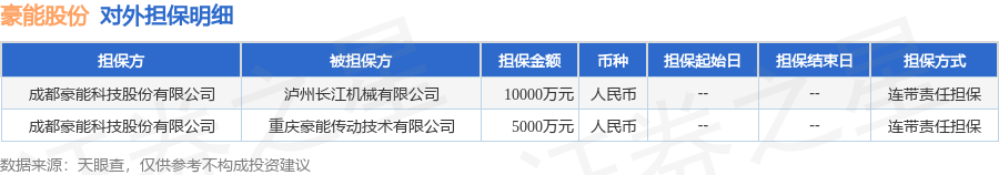 豪能股份10月16日披露2笔对外担保,被担保公司2家。对外担保明细如下表:
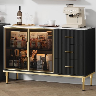 GustoWave 46.4 in Fluted Kitchen Sideboard Cabinet with 2 Glass Doors 3 Drawers and Shelves, Faux Marble Top Buffet Table, Black
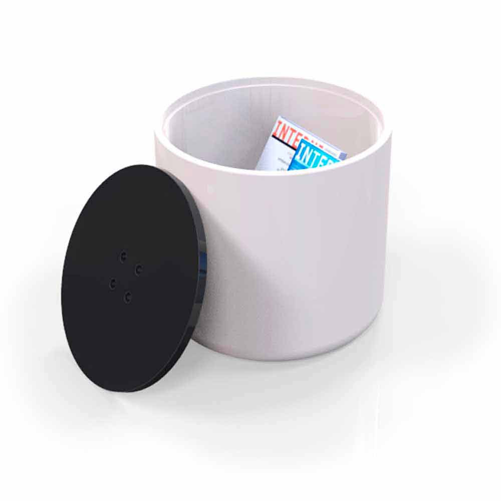 Button ist eine ausgezeichnete platzsparende Lösung, da es über ein praktisches Innenfach verfügt, das durch Entfernen des knopfförmigen Deckels zugänglich ist.
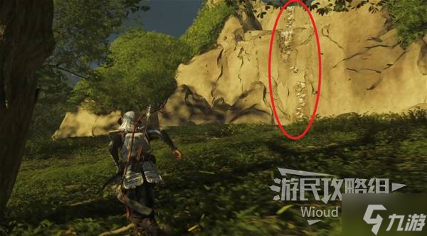 来到目的地,发现祭坛在独立的石柱上,注意石柱旁边的高地,贴着高地底部边缘走,有个可以往上爬的节点。
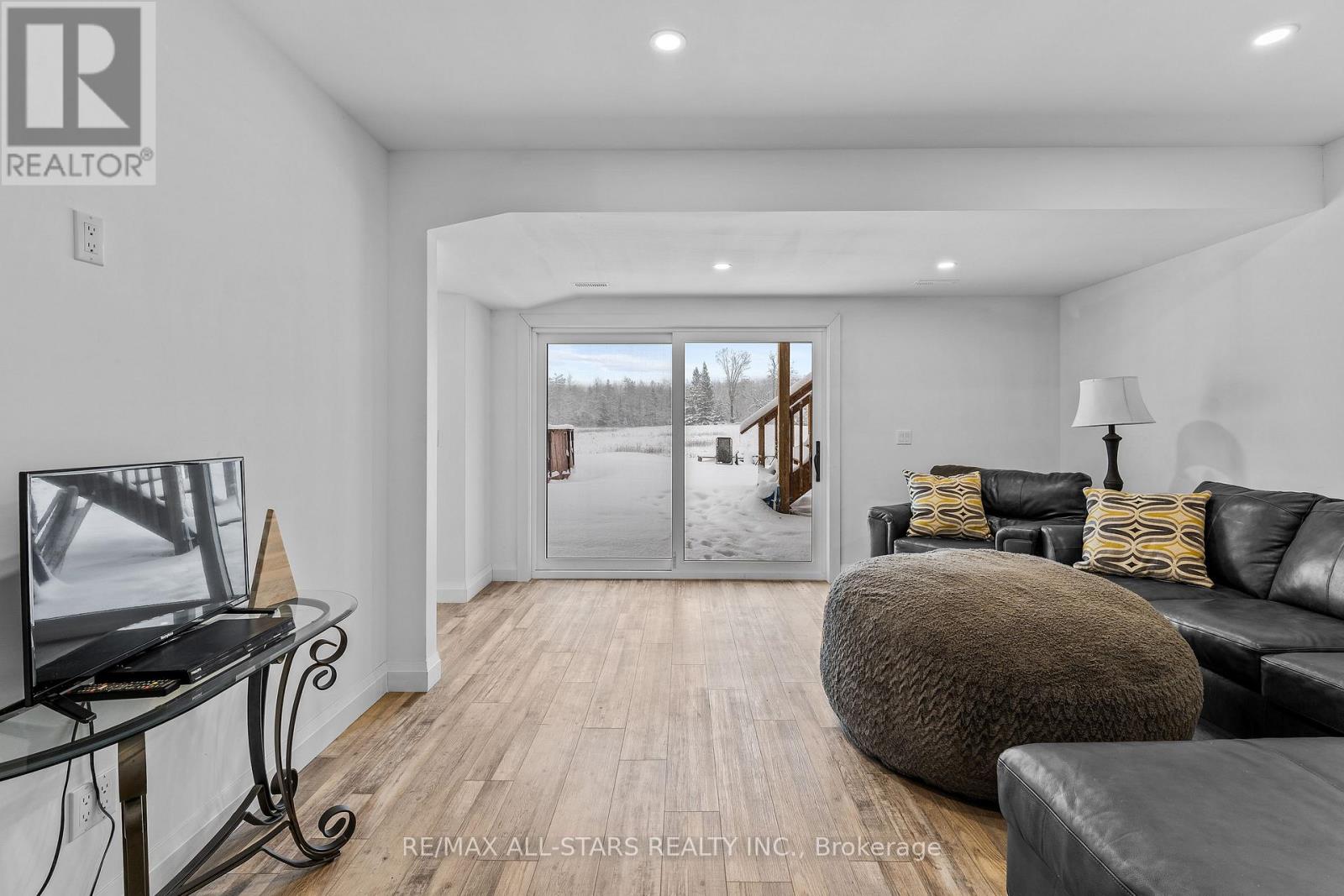 Beautifully built in 2023, this modern bungalow offers stylish living and a detached 1.5-car garage. Step into the welcoming front foyer, where heated tile floors extend seamlessly into the kitchen for added comfort and luxury. The bright living room features a cozy propane fireplace, creating a warm and inviting space to relax. The open-concept kitchen and dining area are perfect for entertaining, complete with a sleek island, ample counter space. The main floor also includes a convenient laundry room, a 2-piece bath, and a spacious primary bedroom with a walk-in closet and a luxurious 5-piece en-suite featuring a soaker tub. The fully finished walkout basement provides exceptional additional living space, offering a large recreation room, a utility room, two generous bedrooms-each with its own walk-in closet-and a 3-piece bath. Outdoors, enjoy a large deck overlooking the above-ground pool, built-in BBQ, fire pit, and a charming chicken coop. Located close to ATV trails, this property is ideal for outdoor enthusiasts seeking both comfort and adventure. (id:64974)
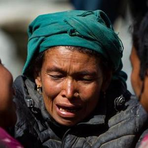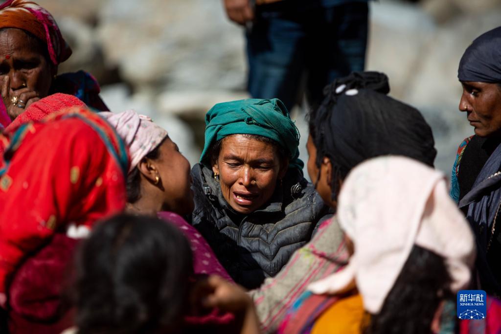 11月5日,在尼泊爾魯古姆西區,人們因親人的離去悲痛不已。
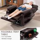 Equipped with 8 massage points, 5 vibration modes, and a lumbar heating function, the chair provides multiple options for relaxation. A foldable tray table with cup holder, wireless charging area, and USB/Type-C ports keep drinks and devices within reach, while the side pocket offers extra storage space.
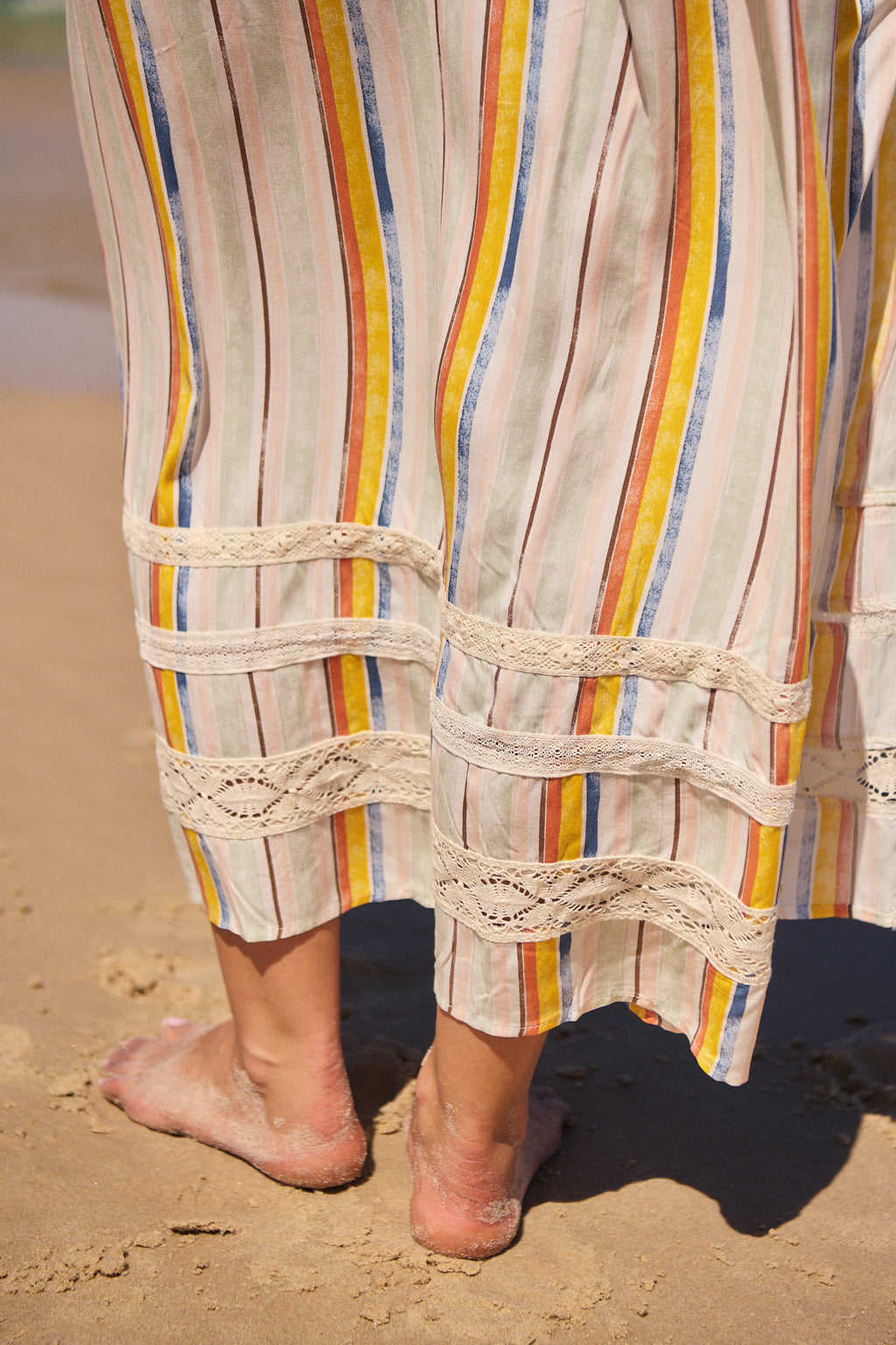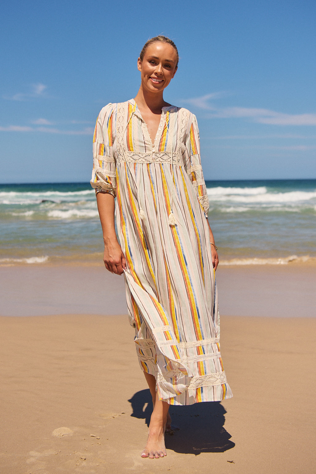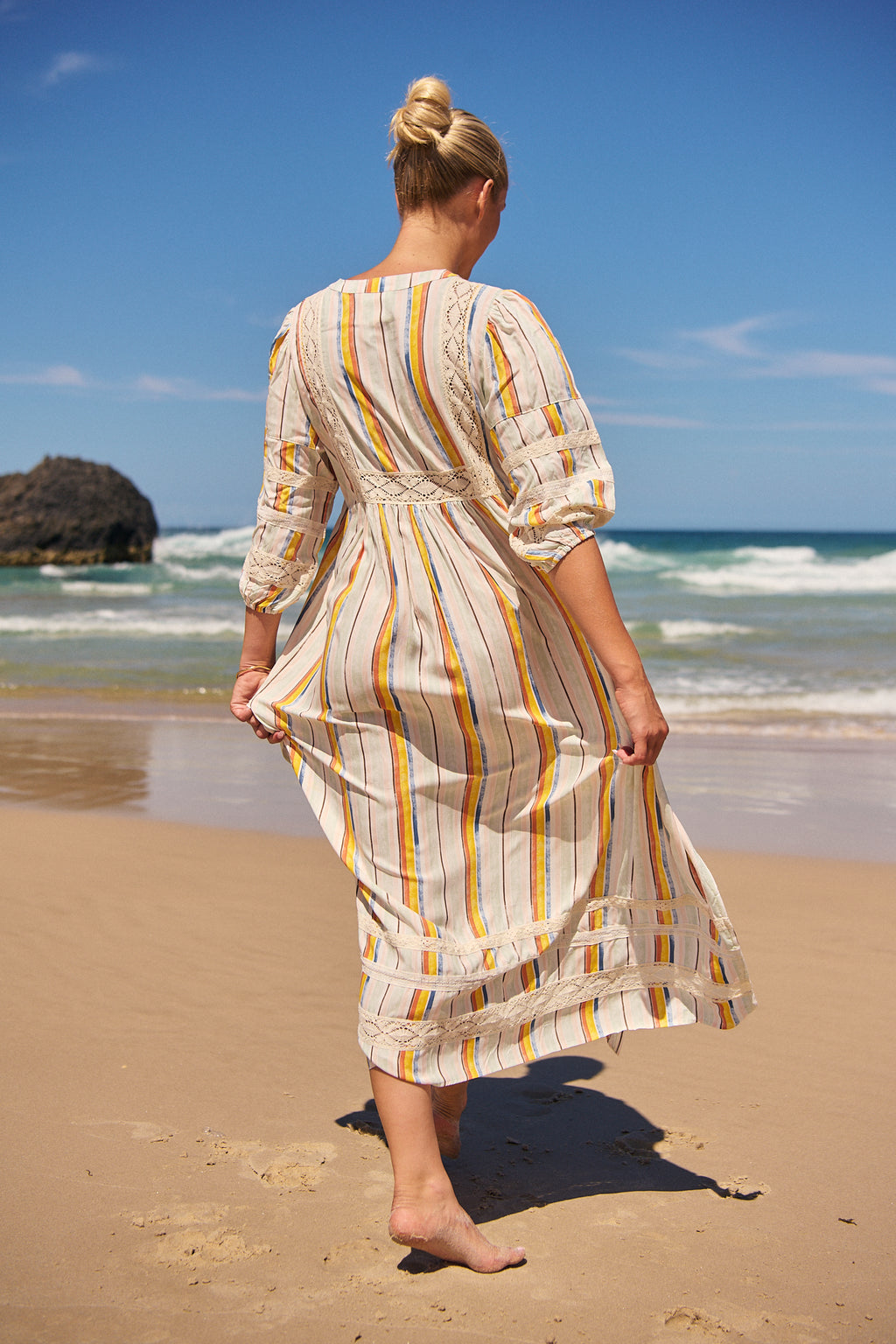 The Meadow Maxi is all about effortless charm and timeless style. Featuring a gorgeous border print, this beauty has a button-front bust with delicate lace detailing on the bodice and sleeves. The elegant mid-length sleeves with soft elastic cuffs add comfort and ease, while the floaty, full-length skirt falls gracefully to the ankle with subtle side splits for a breezy finish. A dress that moves with you, perfect for sunny days and relaxed evenings alike.

*Problem to work on*: The answer should consist of all the records, duplicated exactly, with no images included.

*Answer to this task*:
 豪能股份10月16日披露2笔对外担保,被担保公司2家。对外担保明细如下表:
 GustoWave 46.4 in Fluted Kitchen Sideboard Cabinet with 2 Glass Doors 3 Drawers and Shelves, Faux Marble Top Buffet Table, Black
 Button ist eine ausgezeichnete platzsparende Lösung, da es über ein praktisches Innenfach verfügt, das durch Entfernen des knopfförmigen Deckels zugänglich ist.
 来到目的地,发现祭坛在独立的石柱上,注意石柱旁边的高地,贴着高地底部边缘走,有个可以往上爬的节点。
 Beautifully built in 2023, this modern bungalow offers stylish living and a detached 1.5-car garage. Step into the welcoming front foyer, where heated tile floors extend seamlessly into the kitchen for added comfort and luxury. The bright living room features a cozy propane fireplace, creating a warm and inviting space to relax. The open-concept kitchen and dining area are perfect for entertaining, complete with a sleek island, ample counter space. The main floor also includes a convenient laundry room, a 2-piece bath, and a spacious primary bedroom with a walk-in closet and a luxurious 5-piece en-suite featuring a soaker tub. The fully finished walkout basement provides exceptional additional living space, offering a large recreation room, a utility room, two generous bedrooms-each with its own walk-in closet-and a 3-piece bath. Outdoors, enjoy a large deck overlooking the above-ground pool, built-in BBQ, fire pit, and a charming chicken coop. Located close to ATV trails, this property is ideal for outdoor enthusiasts seeking both comfort and adventure. (id:64974)
 11月5日,在尼泊爾魯古姆西區,人們因親人的離去悲痛不已。
 Equipped with 8 massage points, 5 vibration modes, and a lumbar heating function, the chair provides multiple options for relaxation. A foldable tray table with cup holder, wireless charging area, and USB/Type-C ports keep drinks and devices within reach, while the side pocket offers extra storage space.
 The Meadow Maxi is all about effortless charm and timeless style. Featuring a gorgeous border print, this beauty has a button-front bust with delicate lace detailing on the bodice and sleeves. The elegant mid-length sleeves with soft elastic cuffs add comfort and ease, while the floaty, full-length skirt falls gracefully to the ankle with subtle side splits for a breezy finish. A dress that moves with you, perfect for sunny days and relaxed evenings alike.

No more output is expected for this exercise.